[antlr-interest] combine tokens in rewrite rule

Fri Nov 9 15:31:32 PST 2007

I understand and agree with AST sub-trees for fully qualified 
identifiers in complex languages. However, that is not what either the 
referenced thread poster nor this thread's original poster asked.
They asked for one fully qualified name as one token in one node, which 
would be a lexical solution. I did not want to try to redefine their 
language.

The solution you gave in the referenced thread specified
  1 Declare an "imaginary" token declared in the tokens {} section.
  2 Accumulate the text of the individual IDs and dots ('.') in some 
unspecified manner.
  3 Rewrite the rule as the imaginary token set to the concatenated text 
in some unspecified manner.

What confuses me is why use an "imaginary" token, precisely how steps 2 
and 3 are performed, and how such a solution would differ from using 
lexical fragments as I demonstrated.

Could you provide a concrete example grammar? You got me all curious now. :)

Thanks
-- Curtis

Jim Idle wrote:
> But that is a lexical solution. When '.' is used in many places it is 
> quite often a better bet to have the parser determine the pieces of a 
> valid reference and in many cases you need the individual components 
> because the meanings change according to context.
> 
> For instance x.y could be an enumeration, or a property reference or 
> something else.
> 
> All that needs to be done is to take the .text of each element of the ID 
> and concatenate them.
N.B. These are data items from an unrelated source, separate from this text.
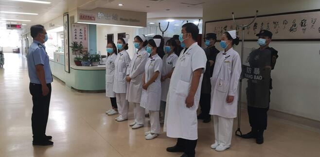 我院在收费室、护士站等重点部位配备一键报警系统,遇紧急情况可按下按钮进行报警,中心监控室在收到报警时立即通知巡逻队赴往现场,形成第一防护力量。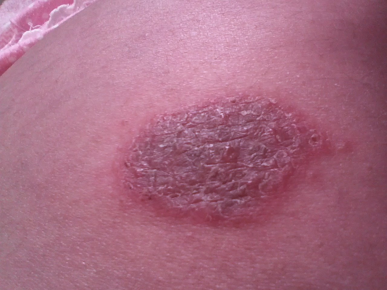 怀孕八个月了,几个月前肚子上长了一片东西,小手指甲大小,浅粉色,表面起皮,非常痒,有的时候会挠两下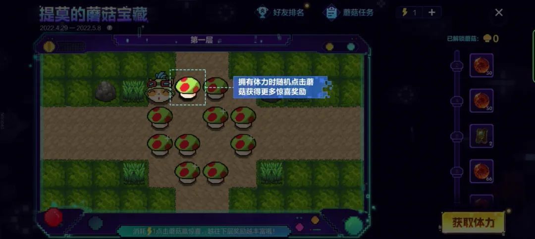 (5)蘑菇地图总共分为5层,每一层有1个随机蘑菇为通往下一层的入口,点击蘑菇找到入口后,再次点击入口,即可通往下一层,越往下层奖励越丰富;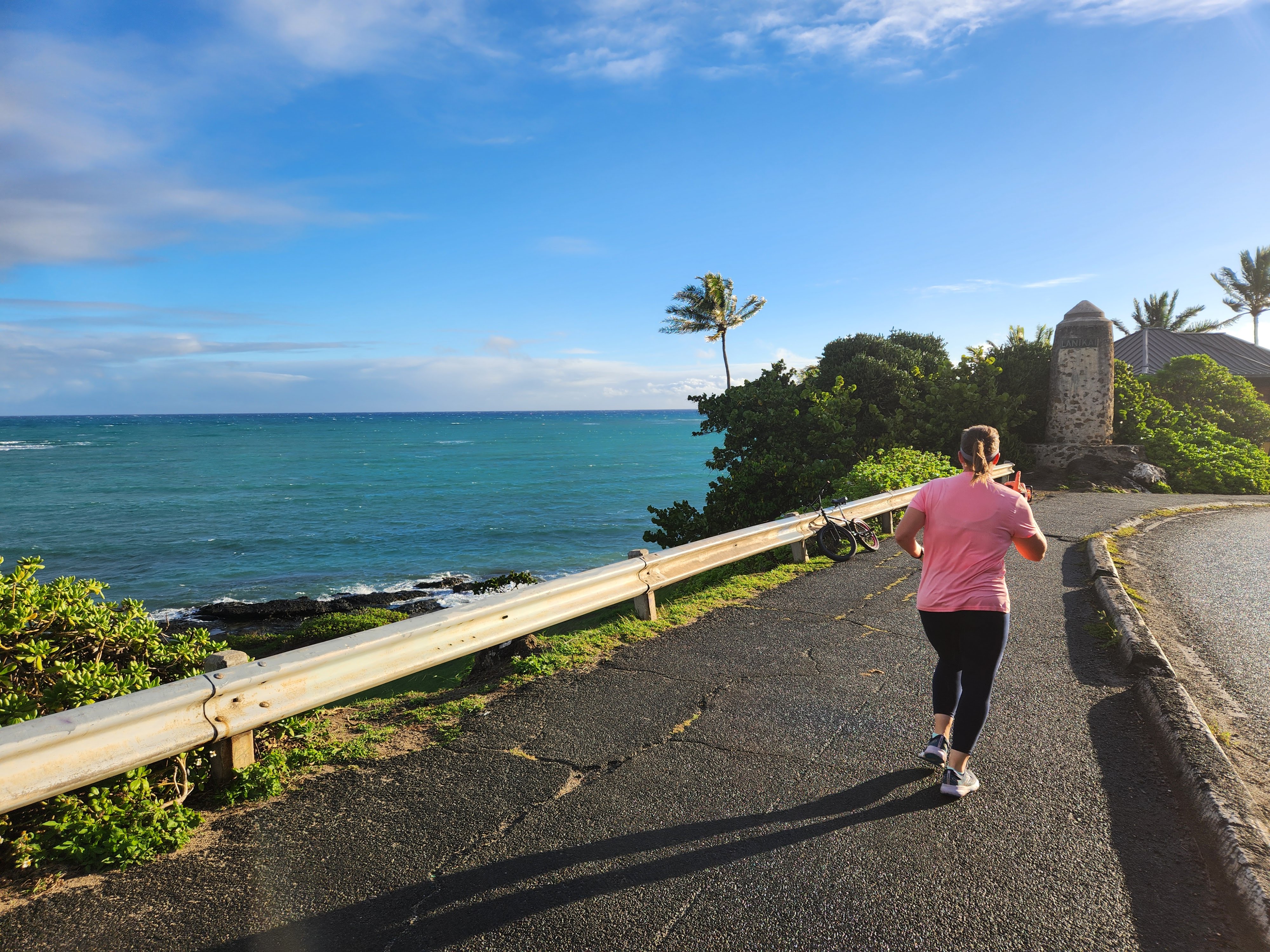 That morning Scott and I changed up our beach walk habit slightly and went for a run to Kailua Beach instead. I had brought running gear because we were signed up for the Beaufort Turkey Trot on Thanksgiving and knew that I had to run while we were in Oahu, otherwise I’d get to gobble until I wobbled… right into a face plant on the 5k route, and not get to eat turkey and all that. It was an enjoyable route to run and we were treated to views of Kailua Bay and its beach along the way.

To be honest, I would probably not even do that in 
> the parser, but in the tree parser, where you probably have the 
> contextual information available (and may well not have in the parser). 
> Then the write would be something like ->^(IDEXPR $ids+ ) or some such.
> 
> Jim
> 
> -----Original Message-----
> From: Curtis Clauson [mailto:NOSPAM at TheSnakePitDev.com] 
> Sent: Friday, November 09, 2007 1:56 PM
> To: antlr-interest at antlr.org
> Subject: Re: [antlr-interest] combine tokens in rewrite rule
> 
> I must admit, I am somewhat confused by the answer given in the 
> referenced thread. Doesn't the use of fragment lexer rules solve this?
> 
> For example, the grammar below will parse this input
> <<
> name
> name.subName1
> name.subName1.subName2.subName3
>  >>
> into a tree that has three ID nodes under the root nil node, each with 
> the complete qualified ID text as a single token. Is this what you mean, 
> 
> or have I missed something?
> 
> (tested with AntLR v3.0.1 and ANTLRWorks v1.1.4)
> ----------
> grammar ABer1;
> 
> options {
>      output = AST;
> }
> 
> 
> unit: ID+;
> 
> 
> ID: UnqualifiedID ('.' UnqualifiedID)*;
> WS: (' ' | '\t' | '\r' | '\n' | '\f')+ {$channel = HIDDEN;};
> 
> 
> fragment UnqualifiedID     : UnqualifiedIDFirst (UnqualifiedIDRest)*;
> fragment UnqualifiedIDFirst: 'a'..'z' | 'A'..'Z' | '_';
> fragment UnqualifiedIDRest : 'a'..'z' | 'A'..'Z' | '_' | '0'..'9';
> ----------
> 
> I hope that helps.
> -- Curtis
> 
> 
> Adrian Ber wrote:
>> Hi all,
>>
>> I want to find a way to combine multiple tokens in a single one.
>> I've searched the archive and found this thread: 
> http://www.antlr.org/pipermail/antlr-interest/2007-January/019161.html.
>> Does any of you have a short sample code on how to do it?